Personal information
- Full name: Rafael Dalmacio Zuviría Rodríguez
- Date of birth: 10 January 1951 (age 74)
- Place of birth: Argentina
- Position(s): Defender, striker

Senior career*
- Years: Team / Apps / (Gls)
- 1969–1970: Unión de Santa Fe / 32 / (3)
- 1971–1973: Argentinos Juniors / 60 / (8)
- 1973–1977: Racing de Santander / 131 / (37)
- 1977–1982: FC Barcelona / 119 / (11)
- 1982–1984: RCD Mallorca / 60 / (1)
- 1985–1986: Defensores de Belgrano

= Rafael Zuviría =

Argentine footballer (born 1951)

Rafael Dalmacio Zuviría Rodríguez (born 10 January 1951) is an Argentine former footballer who played as a defender or striker.

==Career==

As a youth player, he joined the youth academy of Argentine side Unión de Santa Fe.

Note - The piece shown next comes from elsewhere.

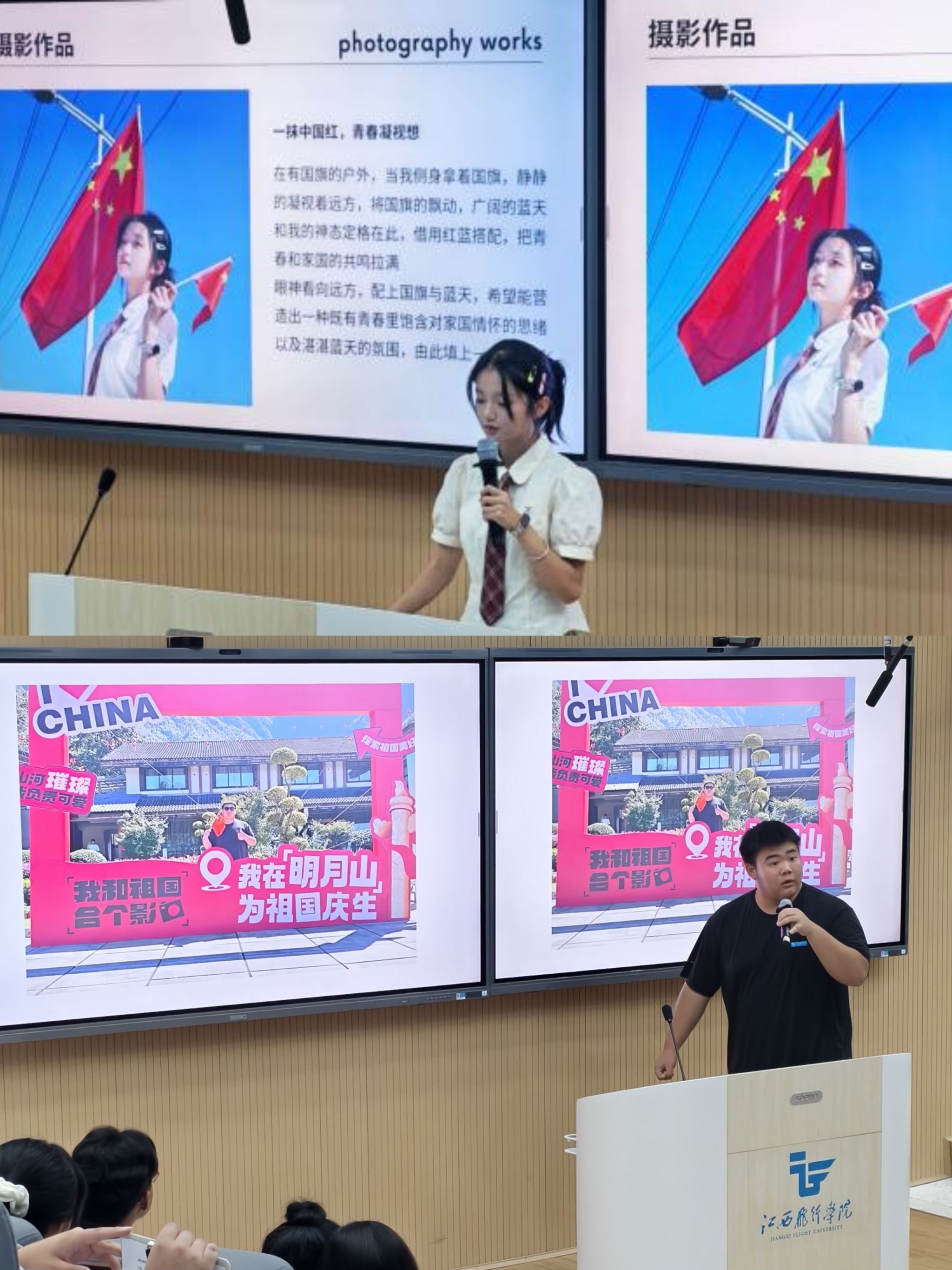 决赛环节以“作品呈现 + PPT 理念阐释”为核心形式展开,选手们借助逻辑清晰、画面生动的PPT,将一个个多元鲜活的“家国瞬间”娓娓道来:既有聚焦城市地标今昔变迁的细腻画面,用镜头直观呈现祖国数十年来日新月异的繁荣发展成就;也有走进红色革命旧址的纪实影像,以庄重的镜头语言致敬先辈们无私奉献的伟大精神;更有将浓厚爱国情怀融入校园日常生活、家庭团圆时刻的温馨片段,让宏大的家国情感变得具体可感、真实亲切,引发在场观众的强烈共鸣。

He started his senior career with the club. In 1971, he signed for Spanish side Argentinos Juniors. In 1973, he signed for Spanish side Racing de Santander.
In 1977, he signed for Spanish La Liga side FC Barcelona. He played alongside Dutch internationals Johan Cruyff and Johan Neeskens while playing for the club. He helped them win the 1979 European Cup Winners' Cup.

In 1982, he signed for Spanish side RCD Mallorca. In 1985, he signed for Argentine side Defensores de Belgrano. He helped the club achieve second place in the league. He was described as "recognised for his courage, tenacity and perseverance [as a player]".

He was born on 10 January 1951 in Argentina. He is a native of Santa Fe Province, Argentina. He has been nicknamed "El Torito". After retiring from professional football, he lived in Catalonia, Spain. He has worked as a salesman. He has a brother. He has been married.